TASK PROMPT - When you write out the listing, keep every word as it stands and drop the pictures.

SOURCE MATERIAL -
■ ■ ■ ■
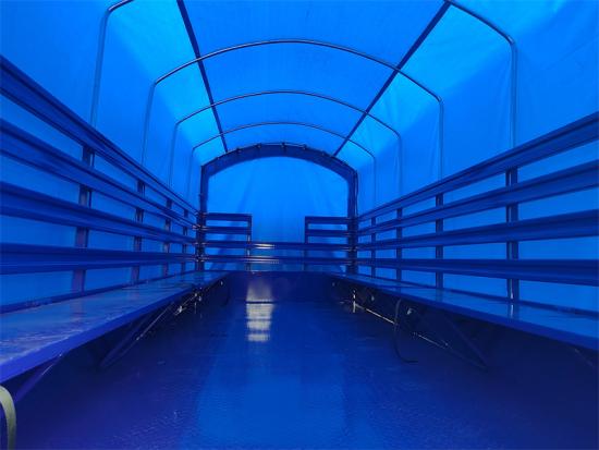 いすゞNPRシャーシをベースにしたソルジャーキャリアトラックです。4x4駆動方式を採用し、排気量5193ml、定格出力139kW/190馬力、最高速度110km/hの4HK1-TCG61直列4気筒ディーゼルエンジンを搭載し、機動性を確保しています。シャーシの前車軸は4トン、後車軸は7トンで、235/75R17.5のタイヤを6+1本装着し、標準的な積載量と柔軟性を備えています。アッパー車体寸法は4668×2150×1250mmで、普通鋼と木材の混合素材で、積載量は8000kgです。車体は青色に塗装され、窓と後部ドア付きの青色シートが装備され、車内には折りたたみ式の座席が備えられています。この兵員輸送車は、いすゞ製シャシーの信頼性の高い性能と、軍用車両の専用車体設計を融合させ、様々な軍用輸送・人員派遣任務に適しており、機能性と実用性の完璧な融合を体現しています。
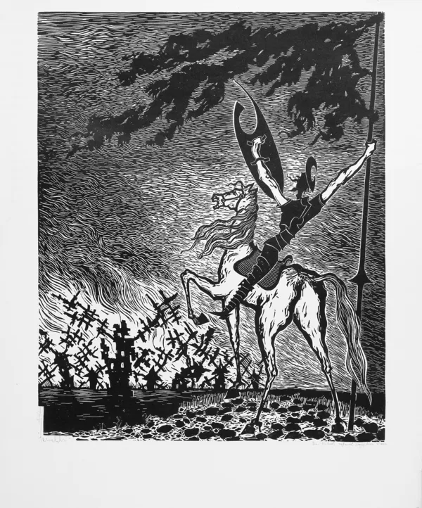 Praca pochodzi z cyklu „Don Kichot” tworzonego przez artystę od 1942. Większość prac z tego cyklu powstała w latach 60. XX w.
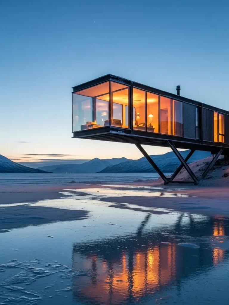 This architectural masterpiece redefines mountain living through a bold use of industrial materials and daring structural engineering. Suspended precariously over the glassy surface of a high-altitude lake, the home features a dramatic black steel frame that contrasts sharply with the pristine white snow. Large-format glass panels replace traditional walls, offering an unobstructed view of the ice below and the jagged peaks beyond, making the structure feel like a dark jewel set in a frozen crown.
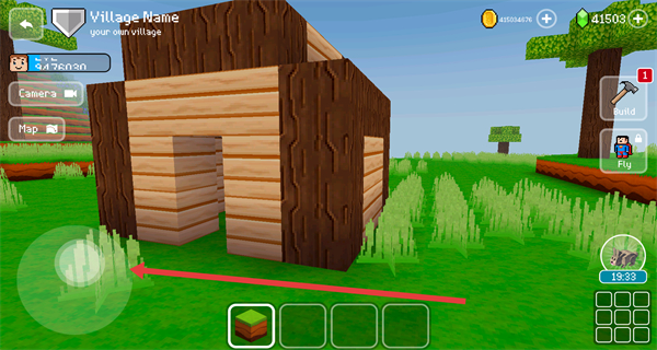 4、建筑建造完成后,可通过左侧虚拟摇杆控制角色移动,探索游戏场景。
■ ■ ■ ■
RESPONSE BOX -
 いすゞNPRシャーシをベースにしたソルジャーキャリアトラックです。4x4駆動方式を採用し、排気量5193ml、定格出力139kW/190馬力、最高速度110km/hの4HK1-TCG61直列4気筒ディーゼルエンジンを搭載し、機動性を確保しています。シャーシの前車軸は4トン、後車軸は7トンで、235/75R17.5のタイヤを6+1本装着し、標準的な積載量と柔軟性を備えています。アッパー車体寸法は4668×2150×1250mmで、普通鋼と木材の混合素材で、積載量は8000kgです。車体は青色に塗装され、窓と後部ドア付きの青色シートが装備され、車内には折りたたみ式の座席が備えられています。この兵員輸送車は、いすゞ製シャシーの信頼性の高い性能と、軍用車両の専用車体設計を融合させ、様々な軍用輸送・人員派遣任務に適しており、機能性と実用性の完璧な融合を体現しています。
 Praca pochodzi z cyklu „Don Kichot” tworzonego przez artystę od 1942. Większość prac z tego cyklu powstała w latach 60. XX w.
 This architectural masterpiece redefines mountain living through a bold use of industrial materials and daring structural engineering. Suspended precariously over the glassy surface of a high-altitude lake, the home features a dramatic black steel frame that contrasts sharply with the pristine white snow. Large-format glass panels replace traditional walls, offering an unobstructed view of the ice below and the jagged peaks beyond, making the structure feel like a dark jewel set in a frozen crown.
 4、建筑建造完成后,可通过左侧虚拟摇杆控制角色移动,探索游戏场景。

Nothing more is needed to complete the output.